We updated the models to more powerful versions than the ones used in our papers. We use the backbone diffusion model of SD3-Controlnet-Inpainting, an inpainting variant of SD3 trained by alimama-creative. The segmentation model is sam2-hiera-tiny.
To install the required libraries, simply run the following command:
conda env create -f environment.yaml
conda activate seele
To start with, in command line, run the following to start the gradio user interface:
python seele_webui.py
The prompt in the webui is implemented as text prompt. To utilize trained prompts, please modify the corresponding part in the python file.
We provide the code for creating training pairs for each sub-task.
You can use the training scirpts of the textual inversion codebase from Diffusers.
To do this, set --num_vectors
to your desired number and --initializer_token
to an appropriate text instruction.
Note that this training script saves the prompts before they are sent to the text condition model.

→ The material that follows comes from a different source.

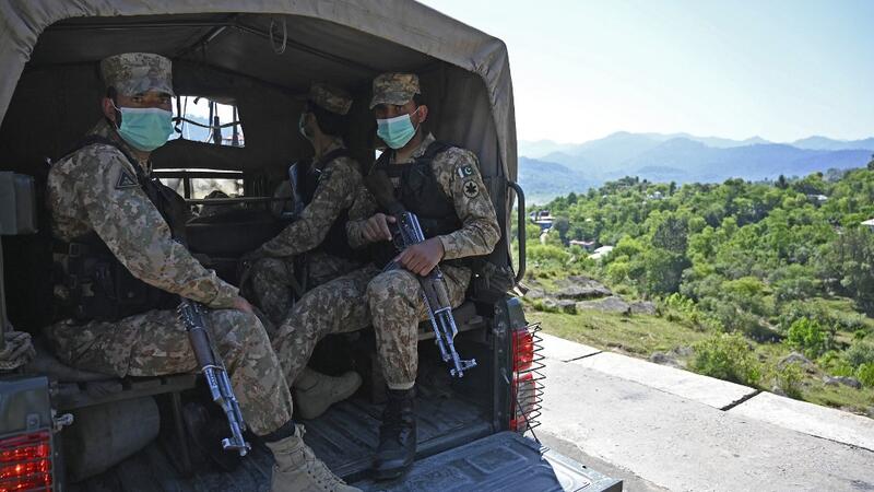 Pakistani soldiers patrol near the Line of Control, de facto border between India and Pakistan at Salohi village in Poonch district of Pakistan-administered Kashmir on April 26, 2021. Aamir QURESHI / AFP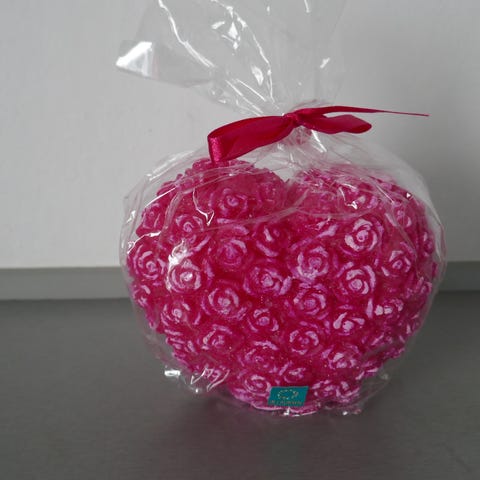 Har to hjerter formet lys og en uåbnet pakke sterinlys i rød farve

If you want to save memory during inference, it's better to store the embeddings produced by the text condition model instead.
Code related to the SEELE algorithm is under Apache 2.0 license.
If you find our repo helpful, please consider cite our paper :)
@article{
wang2024repositioning,
title={Repositioning the Subject within Image},
author={Wang, Yikai and Cao, Chenjie and Fan, Ke and Dong, Qiaole and Li, Yifan and Xue, Xiangyang and Fu, Yanwei},
journal={Transactions on Machine Learning Research},
year={2024},
}
The gradio demo implementation is based on DragDiffusion.